Efficiencies in scheduling and staffing also emerge when a doctor and the team can dedicate days to small or large animals. For example, when our caseload couldn’t support a full-time large animal veterinarian each day, we blocked a couple of hours first thing in the morning for haul-in appointments before starting small animal appointments. Then we blocked a couple of hours at the tail end of the day and into the early evening for farm calls. In addition, Friday was a large animal day. I don’t recommend what we did as a long-term solution, but it’s an example of how we grew the caseload to the point where we could support a large animal veterinarian each day.

“You can’t make a career out of mixed animal practice.” Au contraire. The considerations, strategies and resources I mentioned can refine the viability of mixed and small animal practices. There’s no one-size-fits-all approach, and I didn’t go into every strategy or tool, but what I outlined is a start.

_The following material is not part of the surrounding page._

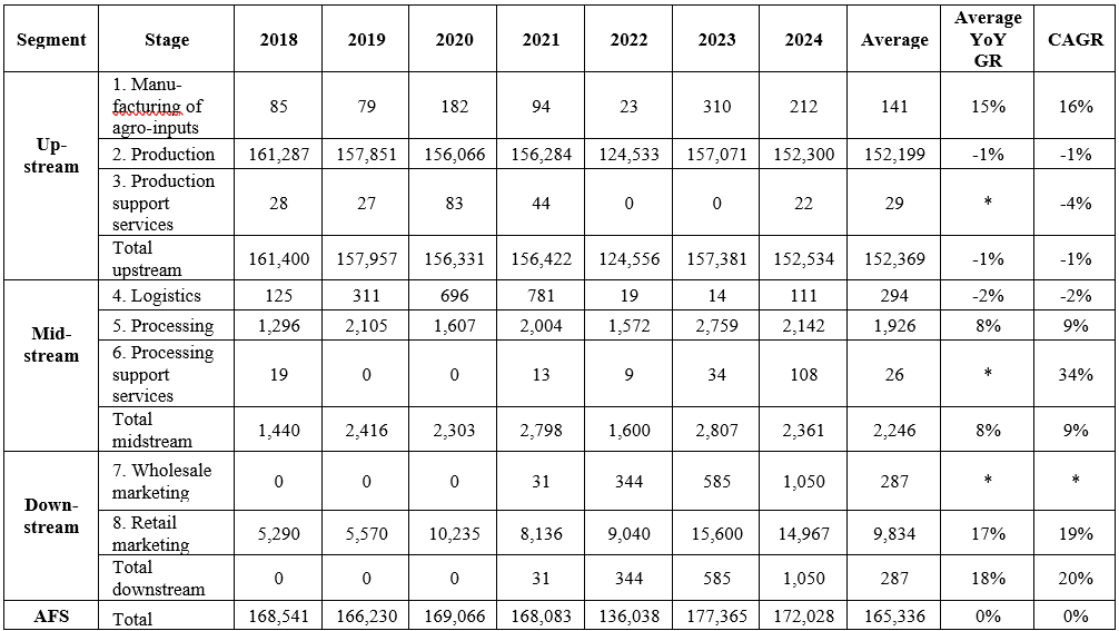 We find that the AFS employs most Bhutanese, but the traditional approach (48%) of assessing agricultural employment underestimates the actual employment in AFS (52%). The growth in jobs outside the AFS (7%) is larger than in the (stagnant) AFS (0%), suggesting that new entries enter into non-AFS jobs and hence the share of AFS employment in total employment declines. Moreover, as the number of AFS jobs in absolute terms remains stable over time, the suggesting that little movement is happening from AFS to non-AFS jobs. Within the AFS, labor remains highly concentrated in upstream production activities and the release of labor off the farm happens slow (an annual growth rate of -1%). We do observe more employment in the crop sector over time while mixed farming is declining over time, which could indicate that more specialization is happening within production. As new employment in the AFS is related to retail activities, the share of jobs in the upstream AFS segment is growing (fast) over time, but starting from a low base. At the same time, just 1% of agrifood jobs are in the AFS midstream segment, and employment in the processing industry is low by any standard.

Success — as defined by financial stability, life in and out of the hospital, the ability to serve your community and the opportunity to build something sustainable — is within reach of every aspiring and existing practice owner.

ANOTHER TIP

To give clients the maximum time and improve efficiency, consider staggered appointments. That means switching from one daily schedule column per doctor to two or three columns. For those unfamiliar with staggered appointments, which are not the same as double-booking, the first 30-minute appointment might start at 8:30 a.m. and the second at 8:45. No. 3 is at 9 and No. 4 at 9:15.

The key to making everything work and not compromising client relationships or the quality of care is having an appropriate number of exam rooms and team members. A veterinarian can serve more patients when a hospital has the optimum physical plant and doctor-to-staff ratio. A doctor can rotate between two exam rooms while being supported by a technical team of three or four people. All that can keep the day on track.